心配してるといいながら、あとで裏切られるような気がして。
信じるのが1番怖い存在…そんな気がする。







そのくらい。
オレと母ちゃんとの間の確執は大きいし、溝は地球が真っ二つに割れそうなくらい深い。













母ちゃん
「そういえばこないだ、所長さんがウチに来て行ったで?」











坊丸
「え?かちょー、なんでここに?」









母ちゃん
「いつもの探し物やって。」










坊丸
「探し物?…え?あれのこと?

まだ探してたん?

もう20年も前やのに。」










課長の探しもの。
それはオレが小さい頃にこのウチで起こった事件に関係するもの。








オレが5歳くらいのとき。
この家の中で立てこもり事件があった。

オレが昼寝してる間に母ちゃんが買い物に行ってて、目を覚ましたら母ちゃんがおらんかった。
すごく甘えん坊やったオレはさみしくて、ぐずりはじめたときにインターホンの音がしたから、母ちゃんが帰ってきた!と思ってドアを開けちゃって。
拳銃を持った犯人によって人質にされた。







そんとき助けてくれたのが今の上司、
俺が『かちょー』と呼んでいる人。
兵庫県警地域課の『課長』やから。
当時は敏腕刑事やった。








オレの事件で犯人に撃たれ、瀕死の重傷を負うたのがきっかけで交番に異動したんやて。

あんときのカッコいい刑事に憧れて警察官になったんやけど、まさか最初に配属された交番であの人の部下になるとは。








課長の探しものというのは、そん時の銃弾。








犯人が撃ったのは2発。




1発は誰にも命中せず、今でも2階のベランダの壁にめり込んでる。




もう1発はオレを抱きかかえるようにして庇った課長の身体を貫通したんやけど、銃弾自体は家のどこからも見つかってない。







もちろん、課長の身体にも残っていない。








その、もう1発を課長は20年間ずっと探し続けている。
多分、刑事の勘というものなんやろか。
嫌な予感がしているんやろう。
せやから。課長の中ではまだ、あの事件は終わってないんやと思う。








その銃弾の場所を知っているのは…
たぶんオレしかおらん。








そう、オレ知ってんの。
てか、持ってんの。








そして、課長の嫌な予感が当たっているのも知っている。

事件があった日の夜から。










事件の直後は恐怖と混乱で、なーんにも気づかんかった。









他の刑事さんに病院に行くように勧められたときも、
「助けてもろたから大丈夫!
おかげさまで無傷やわ!」
って笑顔で断った。
痛くないし。
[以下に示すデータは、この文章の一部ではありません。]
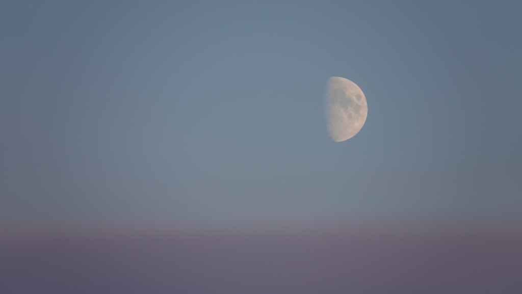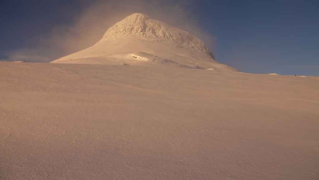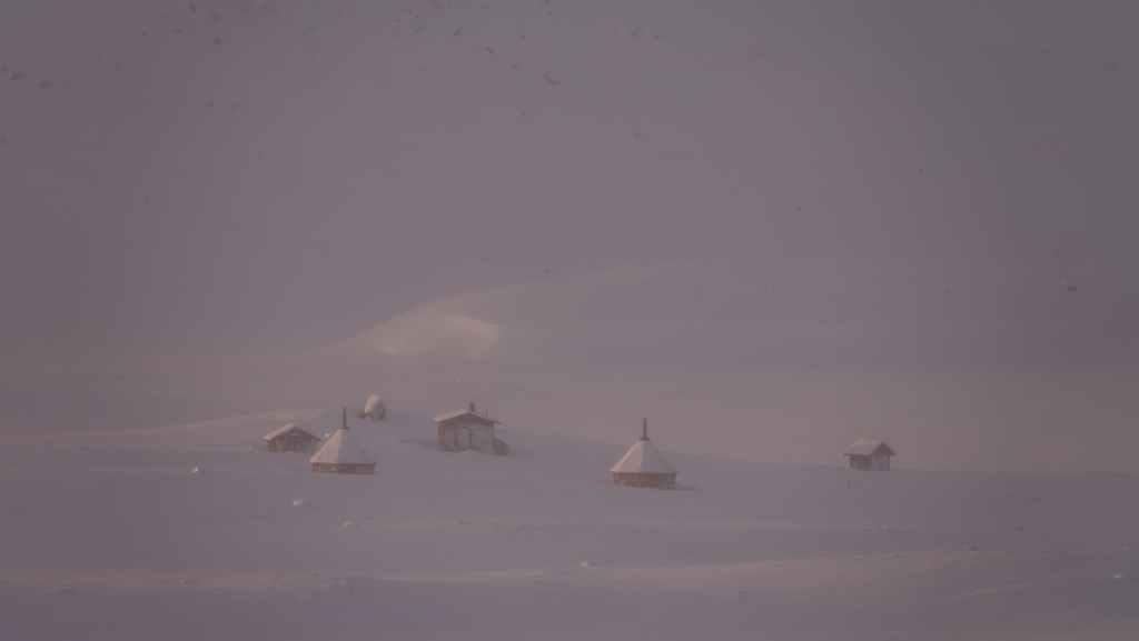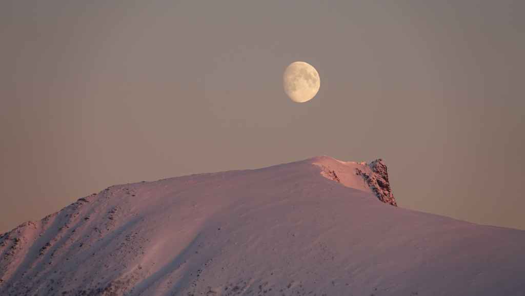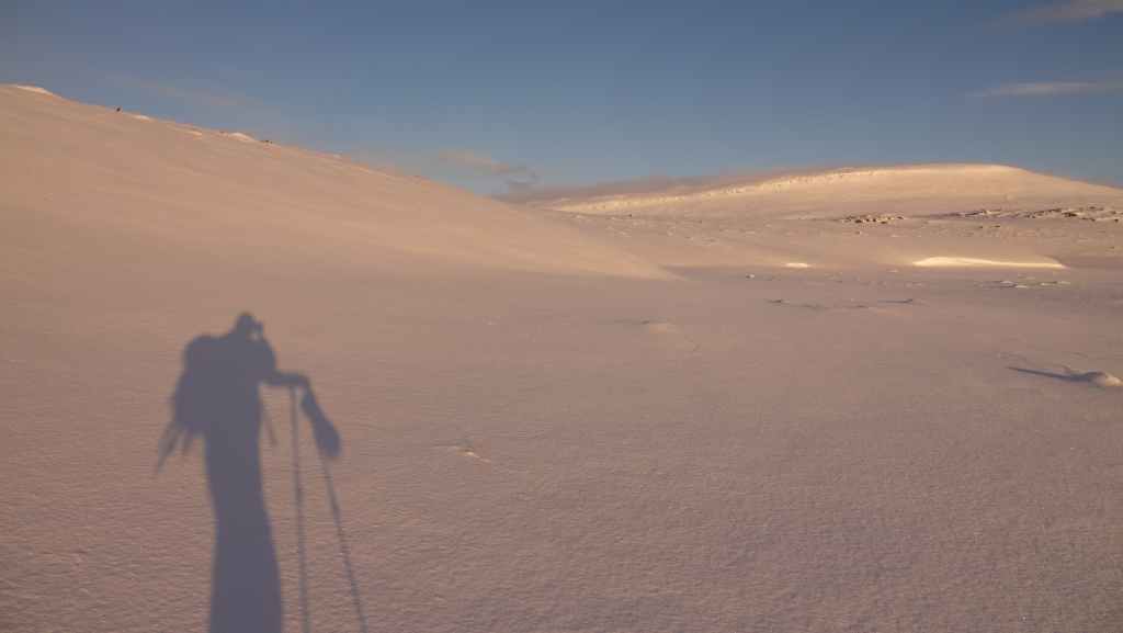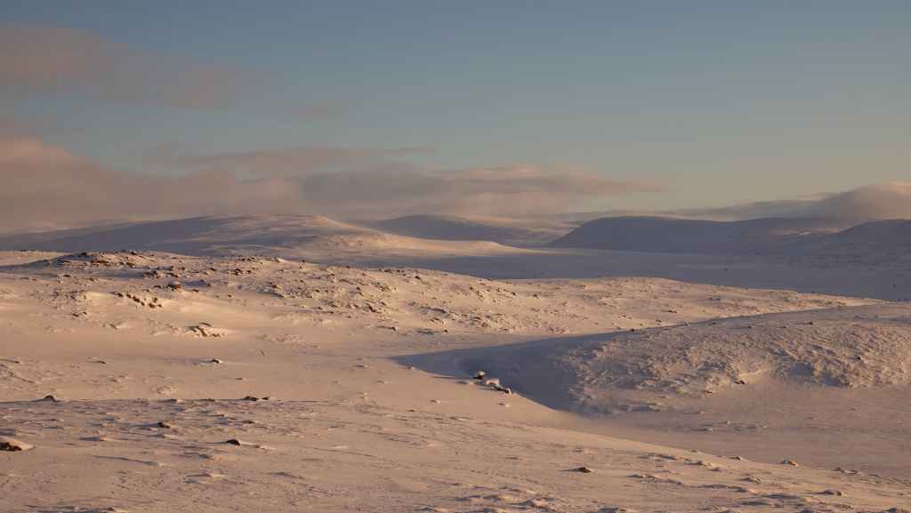 Je repars 1 heure après et traverse la piste de motoneige (que nous aurions dû suivre la veille si on était arrivés jusque-là) pour m’enfoncer dans la toundra… l’ambiance est fabuleuse : silence total et que du blanc autour de moi, des collines enneigées qui se perdent un temps dans les nuages…. Je pourrais m’imaginer sur la calotte glaciaire du pôle Nord si la température était nettement plus froide ! Pas de trace d’avion dans le ciel juste la lune présente tous les jours, pas d’oiseau, rien…

ウチ、お金ないし。





そのあと右肩に痛みが出始めて、でも病院断っちゃったし、せっかく刑事さん守ってくれたし、母ちゃんにも何か怖くて言い出せんかった。








痛いとこを鏡でよくよく見たら、右肩に何かある。
銀色のおしりが見えてる。
ちょっと血も出てる。







見つけちゃった瞬間に突然痛みが増して、怖くて怖くて仕方なかった。
それでも、自分で何とかしようと思って必死やった。






自分で取ろう思ってもすごく痛いし、指が届かなくて血しか出て来ぇへんから、肩に絆創膏貼って隠すことにした。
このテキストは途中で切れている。